** Opening EXTRACTED ENTRIES block **

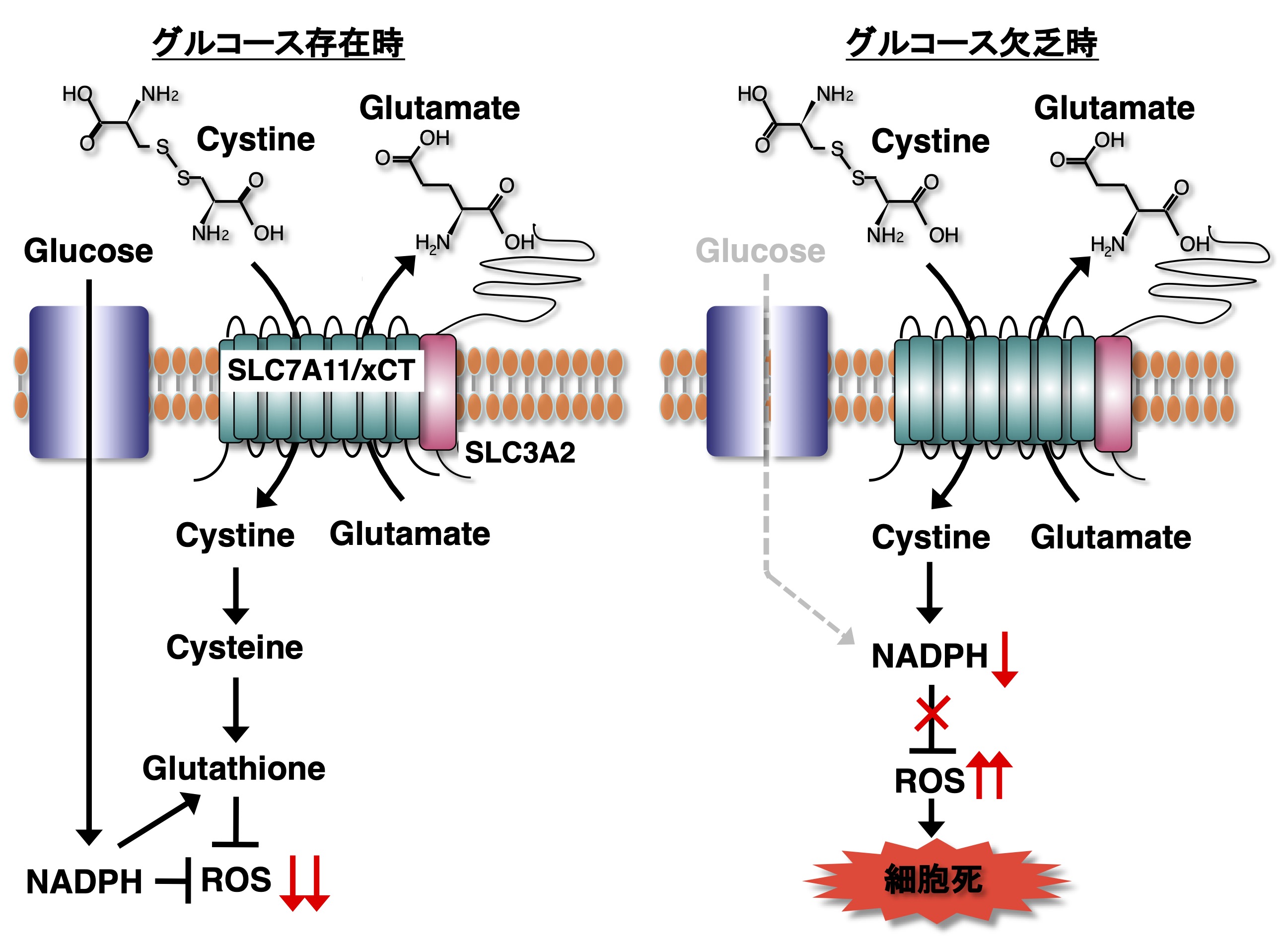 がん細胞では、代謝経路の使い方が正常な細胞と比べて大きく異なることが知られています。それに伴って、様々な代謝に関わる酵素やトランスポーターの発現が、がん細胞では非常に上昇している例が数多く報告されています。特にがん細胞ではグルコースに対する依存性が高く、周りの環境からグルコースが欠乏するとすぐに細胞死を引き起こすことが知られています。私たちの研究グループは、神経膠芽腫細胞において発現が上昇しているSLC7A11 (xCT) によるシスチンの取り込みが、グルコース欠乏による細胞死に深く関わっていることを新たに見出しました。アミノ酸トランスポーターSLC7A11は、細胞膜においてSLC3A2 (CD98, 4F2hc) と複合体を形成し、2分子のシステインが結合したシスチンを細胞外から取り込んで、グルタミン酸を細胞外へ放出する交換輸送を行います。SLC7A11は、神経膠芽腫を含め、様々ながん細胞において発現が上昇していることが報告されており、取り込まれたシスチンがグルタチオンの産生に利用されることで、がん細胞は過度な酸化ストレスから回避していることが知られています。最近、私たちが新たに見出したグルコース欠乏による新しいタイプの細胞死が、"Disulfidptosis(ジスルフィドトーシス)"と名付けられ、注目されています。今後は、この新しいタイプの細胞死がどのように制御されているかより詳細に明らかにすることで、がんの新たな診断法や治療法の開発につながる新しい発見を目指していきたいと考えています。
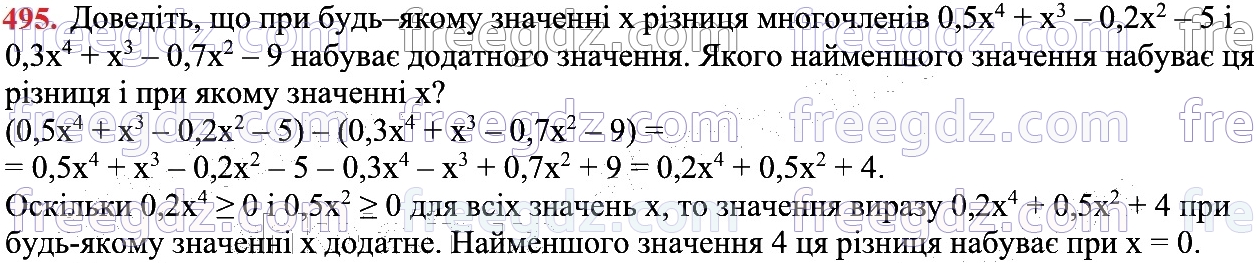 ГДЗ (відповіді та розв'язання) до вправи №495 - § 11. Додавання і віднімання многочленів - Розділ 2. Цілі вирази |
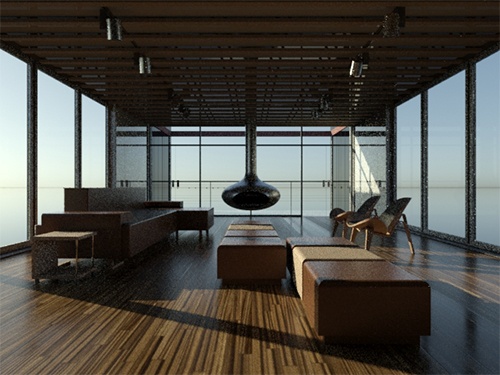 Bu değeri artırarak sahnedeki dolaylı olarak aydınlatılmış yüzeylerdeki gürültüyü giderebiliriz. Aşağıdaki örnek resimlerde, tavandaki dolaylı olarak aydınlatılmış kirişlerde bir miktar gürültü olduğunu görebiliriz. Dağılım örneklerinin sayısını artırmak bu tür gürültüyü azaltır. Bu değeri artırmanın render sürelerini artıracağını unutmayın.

** Closing EXTRACTED ENTRIES block **
** Opening EXTRACTED ENTRIES block **

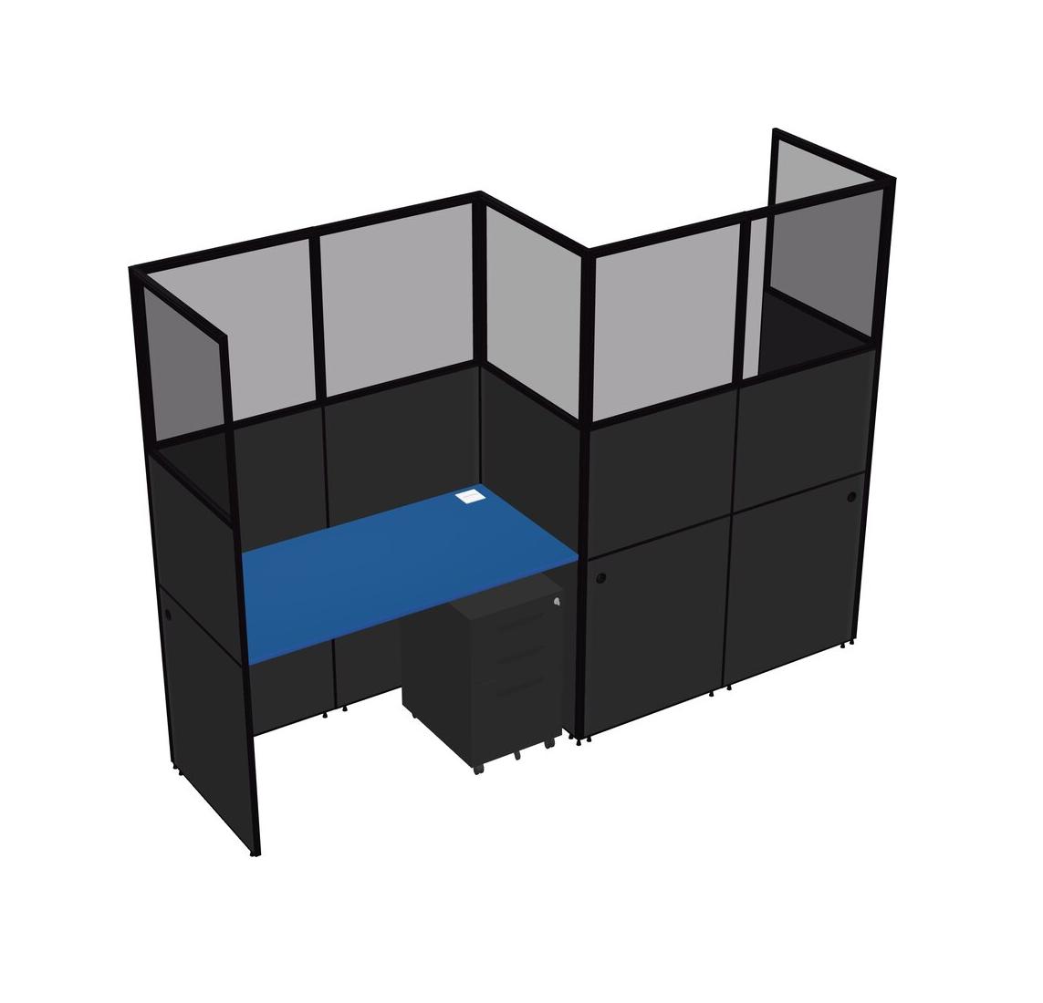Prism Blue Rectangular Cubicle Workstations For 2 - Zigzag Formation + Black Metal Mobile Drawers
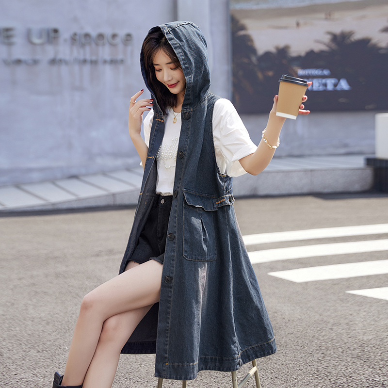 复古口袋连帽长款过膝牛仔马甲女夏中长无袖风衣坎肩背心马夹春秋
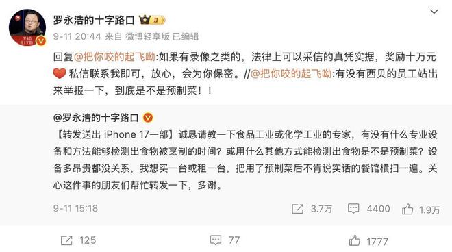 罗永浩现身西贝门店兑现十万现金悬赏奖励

** Closing EXTRACTED ENTRIES block **

In the listing above, find the line with "Prism Blue Rectangular" and output it and every line after it up to and including the line with "罗永浩现身西贝门店兑现十万现金悬赏奖励", exactly, minus the pictures.

◆ **EXERCISE ANSWER**:
Prism Blue Rectangular Cubicle Workstations For 2 - Zigzag Formation + Black Metal Mobile Drawers
 复古口袋连帽长款过膝牛仔马甲女夏中长无袖风衣坎肩背心马夹春秋
 罗永浩现身西贝门店兑现十万现金悬赏奖励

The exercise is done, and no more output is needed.